По его мнению, эта страсть русских к тому, чтобы не быть, а лишь казаться, объясняется комплексом неполноценности по отношению к Западу, ненасытной жаждой выглядеть не такими, каковы они на самом деле, что не вызывало у Кюстина ни сочувствия, ни снисхождения:
«Я не упрекаю русских за истинную их природу, но не могу не осудить их стремления непременно уподобиться нам /.../. Они не столько хотят быть цивилизованными людьми, сколько казаться ими /.../, и охотно согласились бы стать еще худшими варварами, если другие посчитали бы их более цивилизованными /.../»17.
Кюстин деже предположил, что «открыто признанная тирания явилась бы своего рода прогрессом»18.
Впрочем, и об этом его предупреждал князь Козловский, по словам которого:
«Наше правительство питается ложью, ибо истина страшна не только для самого тирана, но и для раба /.../. Народ и знать, как смирившиеся зрители сей войны противу истины, безропотно переносят весь этот позор, поелику ложь деспота /.../ всегда льстит рабу /.../.
Русский деспотизм не только почитает за ничто идеи и чувства, но и переиначивает факты, борется противу очевидного и побеждает его»19.
Кюстин мог только вторить этим мнениям: «Приходится согласиться с тем, что русские всех сословий с бесподобной гармонией соучаствуют в сем заговорю фальши и двуличия». Их «проворная лживость и природный талант к обману» искренне возмущали его чувство правдивости20 и представлялись ему «худшим из всех недостатков». Но откуда все это? Дело в том, что «отвергнув истину, дух отрекается от самого себя, и тогда повелитель унижен перед рабом, ибо обманывающий ниже обманываемого»21.
Однако, как заметил Кюстин, хотя всем все известно, каждый упорно старается не показать свою осведомленность. Атмосфера всеобщего умолчания, приглушенной опасливости, настороженности в разговорах, нежелание называть вещи своими именами, еще более поразили его при наблюдении за русской жизнью. Он называл это «немотой», которую считал всепроницающим и зловещим свойством общества22. Ее символизировала какая-то странная, даже жутковатая тишина на петербургских улицах и в общественных местах. «В России шуметь дозволяется только лошадям»23.

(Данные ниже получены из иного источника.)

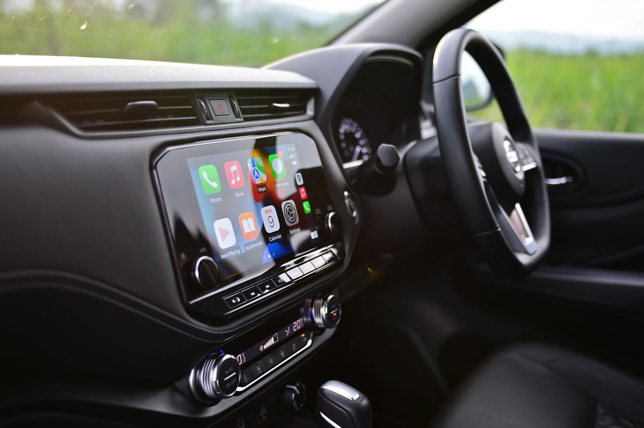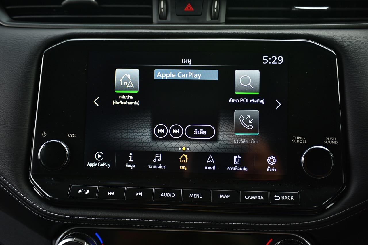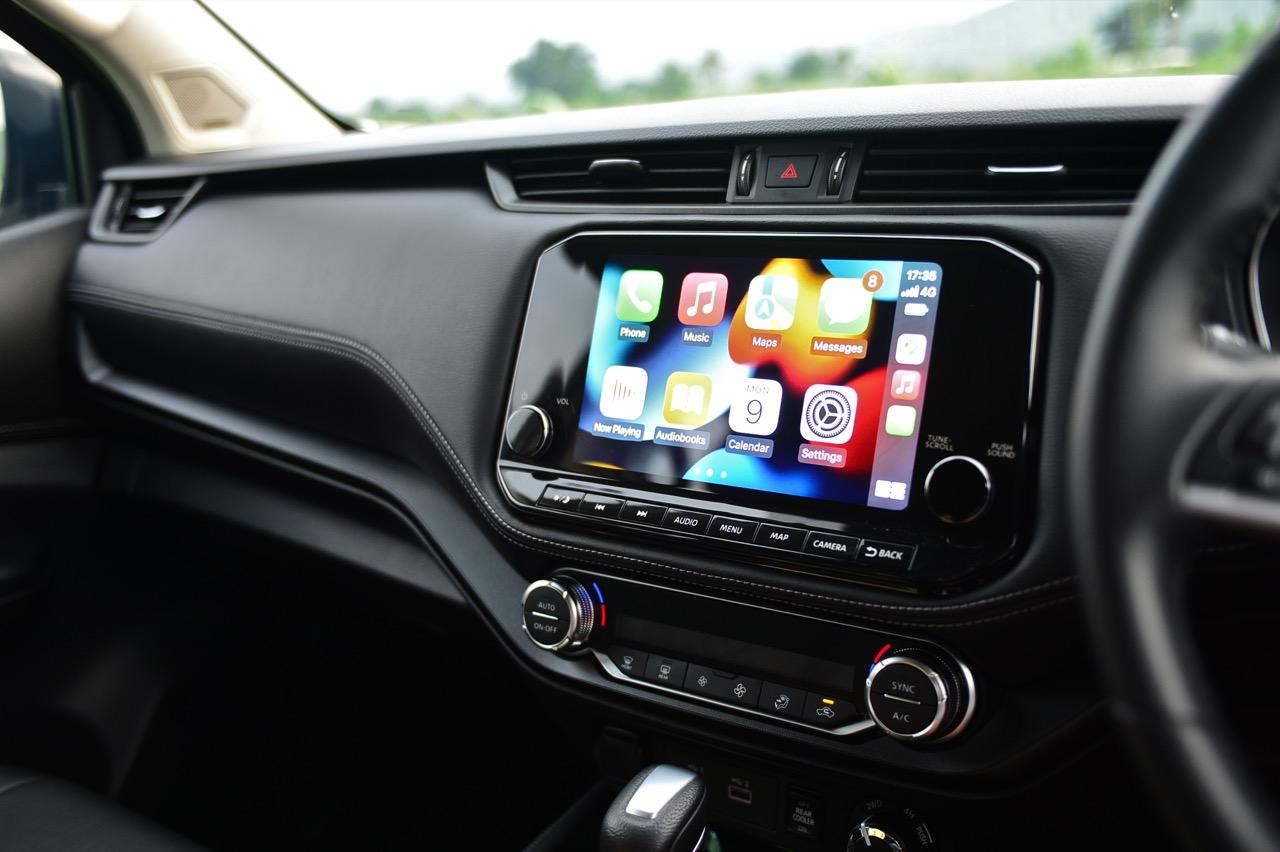 การเชื่อมต่อ Apple CarPlay แบบไร้สาย (Wireless Apple CarPlay) เพิ่มความสะดวกอย่างปลอดภัยตลอดการขับขี่ สามารถใช้งาน Apple CarPlay ผ่านบลูทูธได้โดยไม่จำเป็นต้องต่อสายชาร์จอีกต่อไป ให้อิสระสำหรับผู้โดยสาร ไม่ว่าจะนั่งอยู่ตำแหน่งใดก็ใช้งานได้โดยไม่ต้องวางโทรศัพท์ไว้ด้านหน้า ใช้งานแอปพลิเคชันและเข้าถึงความบันเทิงต่างๆ ในโทรศัพท์ผ่านหน้าจอสัมผัสขนาด 9 นิ้ว NissanConnect เชื่อมต่อสมาร์ทโฟนกับ Apple CarPlay และ Android Auto รองรับการใช้แอปพลิเคชันในโทรศัพท์ ผ่านหน้าจอสัมผัสระบบเครื่องเสียง Display Audio ใหม่ขนาด 9 นิ้ว ลดแสงสะท้อนของหน้าจอ หน้าจอแบบใหม่ความละเอียดสูงกว่าเดิม ระดับ WXGA (1024x768) ระบบนำทาง (Navigation System) และระบบสั่งงานด้วยเสียงอัจฉริยะ (Voice Recognition)

И об этом тоже предупреждал его князь Козловский: «Сколь скупо ни говорил бы человек в России, это всегда излишне, ведь у нас в каждом мнении скрыто религиозное или политическое лицемерие»24. На этот счет Кюстин также смог составить свое собственное мнение:
«В России повсюду господствует тайна: административная, политическая, общественная. Излишнее молчание гарантирует молчание необходимое; здесь оно в порядке вещей, подобно неосторожнос- тям в Париже. Любой путешественник сам по себе есть уже нечто нежелательное /...А25.

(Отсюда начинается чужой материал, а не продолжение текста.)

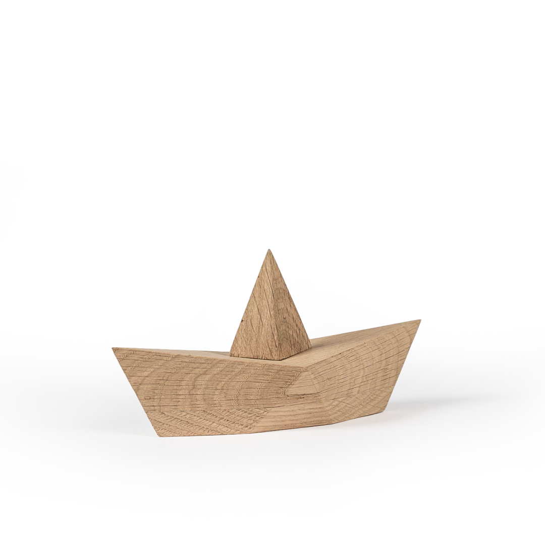 With Admiral we are heading for an aesthetic rendering of the childhood paper boat, here created in solid oak and with a hidden magnet that holds the sail in place.

Это молчание тоже часть русского комплекса неполноценности по отношению к внешнему миру, но в то же время защитная реакция и весьма эффективное оружие внешней политики:
«Если действительно русские лучшие дипломаты по сравнению с самыми цивилизованными странами, причина здесь в том, что наша печать сообщает о каждом нашем предполагаемом шаге и каждом собьипии, у нас случающемся. Вместо благоразумного сокрытия наших слабостей мы с какой-то непостижимой дотошностью оповещаем о них каждое утро весь свет, в то время как византийская политика русских тщательно скрывает все, о чем они думают, что делают и чего боятся. Мы идем вперед при свете дня, они двигаются, прячась от всех. Мы ослеплены созданным ими неведением. Нас ослабляют разноречивые толки, они сильны своей скрытностью, и в этом секрет их ловкости»26.

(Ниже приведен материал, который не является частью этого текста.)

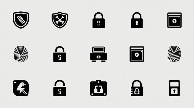 Security and privacy icon set with shield, lock, fingerprint, firewall, antivirus, encryption, and access control

Но Кюстин понял и то, что все подобные качества — презрение к истине, преднамеренные мистификации и расчетливые умолчания — являясь оружием режима, в то же время отражают и глубинную слабость сравнительно с Западом, свидетельствуют о признании своей отсталости, неверии в свой народ, стыде за неизбежную тиранию. Это заставляет русских страшиться честного сравнения с Европой. Именно этим объясняется навязчивый страх перед взглядом иностранца, которым пронизана вся казенная Россия.
Абсурдный экстремизм такой боязни поразил Кюстина, как и многих других европейцев до него. Он писал, что «русские — это переряженные китайцы, хотя они не хотят признать свое отвращение к иностранцам; но ежели осмелились бы, подобно настоящим китайцам, не обращать внимания на упреки в варварстве, тогда доступ в Петербург был бы для нас не менее затруднителен, чем в Пекин»27. И все с той же едкостью и лапидарностью он объясняет далее причины этого: «Чем больше я смотрю на Россию, тем более одобряю императора, запрещающего своим подданным путешествовать и всячески затрудняющего приезд в Россию иностранцев. Политическая система России не выдержит и двадцати лет свободного общения с Западом»28.